La Presse Anarchiste

De l’attitude anarchiste à propos du nationalisme

« L’in­dé­pen­dance natio­nale des ter­ri­toires colo­niaux doit être consi­dé­rée comme une condi­tion indis­pen­sable de l’é­man­ci­pa­tion sociale, car elle crée, en sous­trayant un peuple à l’ap­pa­reil de répres­sion d’un État impé­ria­liste ― tout en affai­blis­sant cet État ― les pos­si­bi­li­tés pour ce peuple de faire sa révo­lu­tion en sup­pri­mant ses propres exploiteurs. »

Ce para­graphe de la DECLARATION DE PRINCIPES DES G.A.A.R. parue dans le nO6 de N.&R. avait trou­vé son illus­tra­tion dans nos cahiers consa­crés au « Natio­na­lisme » (N.&R. nO78). Il nous semble utile de reve­nir aujourd’­hui sur ce point.

En effet, le déve­lop­pe­ment d’un tel point de vue a reçu comme il fal­lait s’y attendre un accueil « divers » autour de nous. En effet l’at­ti­tude domi­nante des anar­chistes vis à vis des mou­ve­ments colo­niaux était, sui­vant le cas, l’in­dif­fé­rence, la nos­tal­gie, le mépris

INDIFFERENCE sinon hos­ti­li­té aux nou­veaux États, aux nou­velles nations : « Un ou deux ou trente pays indé­pen­dants de plus ? Quelle impor­tance ? Ça ne change rien. Le pro­blème n’est pas là. La seule ques­tion c’est la sociale, les seules divi­sions : économiques ».

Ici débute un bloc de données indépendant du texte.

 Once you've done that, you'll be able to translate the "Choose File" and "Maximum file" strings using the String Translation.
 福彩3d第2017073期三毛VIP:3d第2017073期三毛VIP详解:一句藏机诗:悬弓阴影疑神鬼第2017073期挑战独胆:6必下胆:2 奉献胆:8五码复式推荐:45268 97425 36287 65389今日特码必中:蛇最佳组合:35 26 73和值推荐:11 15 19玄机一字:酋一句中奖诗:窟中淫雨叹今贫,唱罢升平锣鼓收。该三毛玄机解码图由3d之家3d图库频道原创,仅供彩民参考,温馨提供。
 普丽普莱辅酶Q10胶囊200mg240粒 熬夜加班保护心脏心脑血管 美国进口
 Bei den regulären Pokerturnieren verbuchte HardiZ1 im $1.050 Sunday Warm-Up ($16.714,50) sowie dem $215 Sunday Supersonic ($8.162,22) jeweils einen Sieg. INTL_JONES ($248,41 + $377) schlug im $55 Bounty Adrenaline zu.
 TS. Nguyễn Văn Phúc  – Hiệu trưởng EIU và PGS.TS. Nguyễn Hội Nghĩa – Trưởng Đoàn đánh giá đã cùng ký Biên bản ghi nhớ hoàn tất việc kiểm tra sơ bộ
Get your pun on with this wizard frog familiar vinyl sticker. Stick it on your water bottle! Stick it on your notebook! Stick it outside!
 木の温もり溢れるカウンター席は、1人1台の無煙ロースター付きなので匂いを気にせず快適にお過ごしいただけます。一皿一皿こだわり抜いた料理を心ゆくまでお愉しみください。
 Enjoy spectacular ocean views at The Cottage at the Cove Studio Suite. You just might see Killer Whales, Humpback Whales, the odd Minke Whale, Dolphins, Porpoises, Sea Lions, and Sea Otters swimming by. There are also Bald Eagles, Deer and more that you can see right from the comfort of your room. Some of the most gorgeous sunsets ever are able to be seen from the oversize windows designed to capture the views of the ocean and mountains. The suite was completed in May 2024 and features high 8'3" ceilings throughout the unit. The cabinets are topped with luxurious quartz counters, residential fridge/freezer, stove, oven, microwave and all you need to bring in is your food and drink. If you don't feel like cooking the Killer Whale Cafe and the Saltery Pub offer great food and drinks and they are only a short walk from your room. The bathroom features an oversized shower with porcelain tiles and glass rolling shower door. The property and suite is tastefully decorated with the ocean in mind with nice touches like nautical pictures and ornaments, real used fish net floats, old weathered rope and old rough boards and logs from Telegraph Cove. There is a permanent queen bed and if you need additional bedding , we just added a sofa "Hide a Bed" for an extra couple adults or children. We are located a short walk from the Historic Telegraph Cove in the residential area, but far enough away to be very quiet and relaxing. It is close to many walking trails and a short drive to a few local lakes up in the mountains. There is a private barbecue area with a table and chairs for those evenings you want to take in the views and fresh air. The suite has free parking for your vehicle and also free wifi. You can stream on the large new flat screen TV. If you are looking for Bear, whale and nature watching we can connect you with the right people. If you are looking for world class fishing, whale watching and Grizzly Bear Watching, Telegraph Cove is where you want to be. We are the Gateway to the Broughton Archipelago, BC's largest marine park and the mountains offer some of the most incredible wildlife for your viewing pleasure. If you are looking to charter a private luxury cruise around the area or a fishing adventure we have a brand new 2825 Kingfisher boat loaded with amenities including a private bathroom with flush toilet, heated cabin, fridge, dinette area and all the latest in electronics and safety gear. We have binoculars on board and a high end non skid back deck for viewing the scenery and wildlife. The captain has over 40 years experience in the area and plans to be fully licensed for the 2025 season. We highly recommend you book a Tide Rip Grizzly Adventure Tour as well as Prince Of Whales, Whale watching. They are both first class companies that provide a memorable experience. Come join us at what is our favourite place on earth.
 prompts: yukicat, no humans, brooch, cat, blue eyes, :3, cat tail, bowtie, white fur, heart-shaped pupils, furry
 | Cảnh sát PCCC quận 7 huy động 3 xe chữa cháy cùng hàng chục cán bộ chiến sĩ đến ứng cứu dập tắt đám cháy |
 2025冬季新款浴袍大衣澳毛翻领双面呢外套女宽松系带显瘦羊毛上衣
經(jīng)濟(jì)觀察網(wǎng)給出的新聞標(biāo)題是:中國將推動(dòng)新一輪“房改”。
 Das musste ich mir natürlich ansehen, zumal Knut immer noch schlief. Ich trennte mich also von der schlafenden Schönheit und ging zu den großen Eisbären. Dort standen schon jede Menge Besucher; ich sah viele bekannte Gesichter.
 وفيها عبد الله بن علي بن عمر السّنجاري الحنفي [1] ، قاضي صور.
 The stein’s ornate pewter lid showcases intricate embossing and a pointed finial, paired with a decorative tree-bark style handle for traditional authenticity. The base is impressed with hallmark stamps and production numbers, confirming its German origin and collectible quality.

Si N.&R, rom­pait avec cette belle fier­té doc­tri­nale et pré­ten­dait s’in­té­res­ser aux chan­ge­ments actuels du monde ce n’é­tait pas par besoin d’é­va­sion ou d’exo­tisme, mais pour son­der la pro­fon­deur révo­lu­tion­naire de ce gigan­tesque mou­ve­ment his­to­rique. C’est pré­ci­sé­ment parce que tant de peuples changent de maîtres, troquent un occu­pant étran­ger contre une bour­geoi­sie natio­nale qu’il fal­lait essayer d’en com­prendre les rai­sons et d’en pré­sa­ger les conséquences :
– à l’é­chelle mon­diale : un regrou­pe­ment des pays par des impé­ria­lismes d’un type nou­veau plus faibles ou plus forts ? S’ap­puyant sur quelles classes ?
– sur le plan local : une nou­velle classe diri­geante ― plus faible ou plus forte ? Pour com­bien de temps ?

Et les masses : par­ti­cipent-elles au chan­ge­ment ? Avec quelles illu­sions ? Quelles leçons peuvent-elles en tirer ? Quelle avance ou quel recul révolutionnaire ?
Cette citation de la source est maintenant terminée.